Jack Williamson: Reign of Wizardry
Jun. 19th, 2016 01:32 am![[personal profile]](https://www.dreamwidth.org/img/silk/identity/user.png)
Reading Jack Williamson's Reign of Wizardry (it's one of the Retro Hugo finalists) is like stepping back into my childhood, the days when many science fiction and fantasy novels were brisk swashbuckling adventure stories based, sometimes quite openly, other times more subtly, on legends and folktales, and ancient history.
Reign of Wizardry is set in the time of the Minoan Empire, and calls on the myth of Theseus, the Athenian who killed the Minotaur and broke the hold of Minoan Crete over the Mediterranean world. In Williamson's fantasy, the power that sustains King Minos is wizardry, and Theseus must set human courage and ingenuity against supernatural forces - aided by the love of Ariadne, daughter of Minos and priestess of Cybele.

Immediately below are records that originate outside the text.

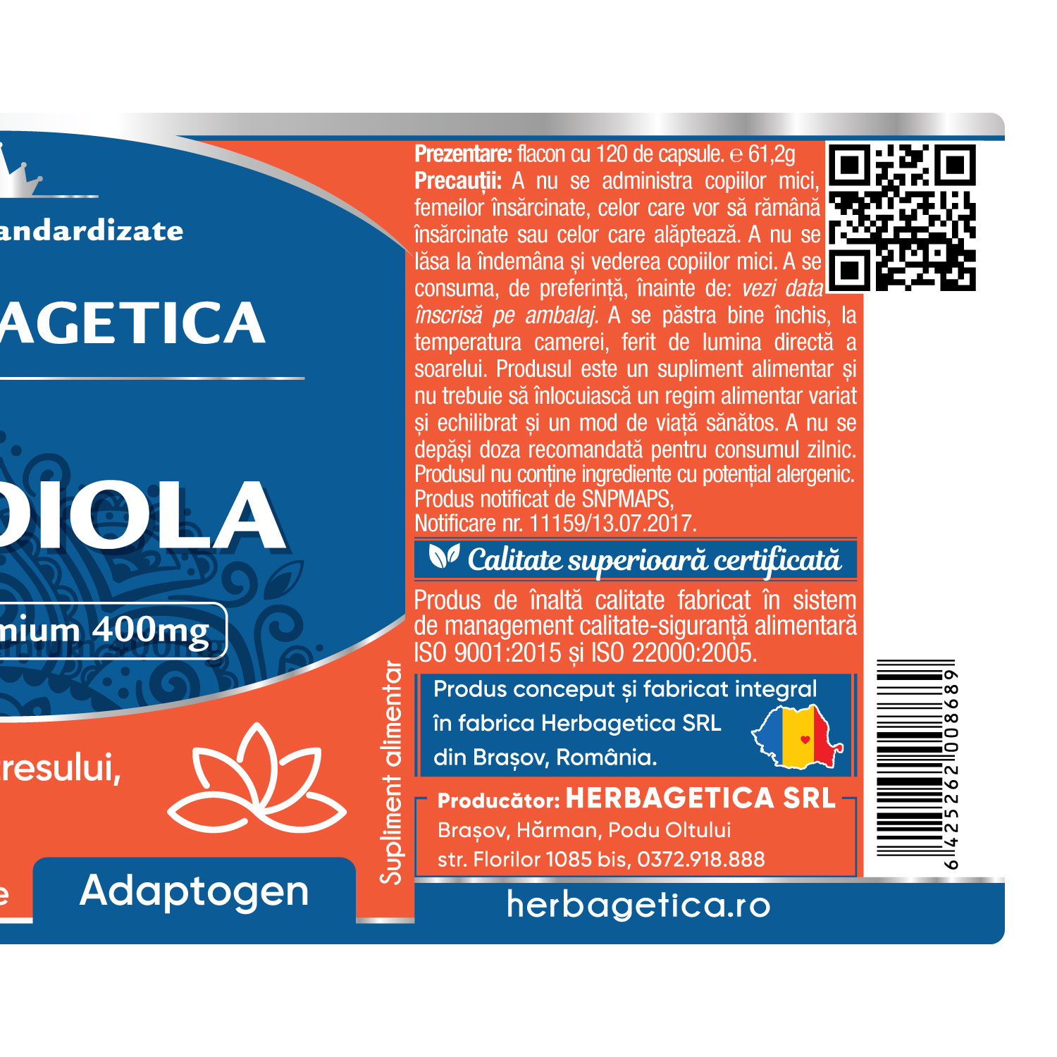 Extract Rhodiola rosea standardizat 3% Rozavine și 1% Salidrozide 400mg;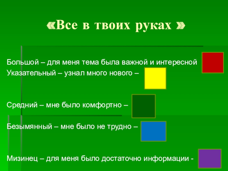 «Все в твоих руках »Большой – для меня тема была важной и интереснойУказательный – узнал много нового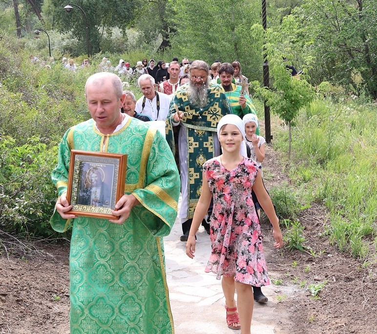 По окончании богослужения духовенство, насельницы монастыря и прихожане прошли крестным ходом к дорожке Пресвятой Богородицы, где было совершено молебное пение с освящением. Прообразом для создания дорожки в Иверском монастыре Орска послужила известная по всей России Канавка Пресвятой Богородицы в Свято-Троицком Серафимо-Дивеевском женском монастыре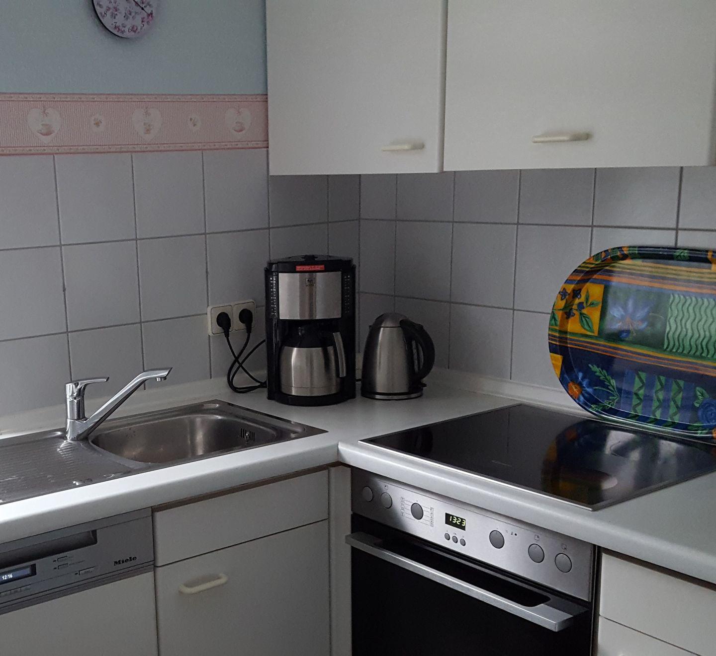 In der voll ausgestatteten, geschlossenen Küche macht das gemeinsame Kochen Freude. Der helle Wohnbereich lädt zum Entspannen ein, ausgestattet mit zwei Fernsehern und kostenfreiem WLAN.

This is a very Golden Age fantasy, for all that it stays rather close to the bones of the Greek legend. The hero is from the same mould as Conan - bold, strong, smart, a warrior with a touch of barbarian nobility fighting against the decadent, cruel, and immeasurably wealthy forces of corrupt magic. The woman is a cypher who exists only to fall madly in love at the hero's passionate kiss and betray everyone she's ever known, everything she's ever believed in, to help him defeat the only world she knows. It's a fast, tightly plotted read that moves from set piece to set piece with efficiency and provides all the entertainment the reader expects.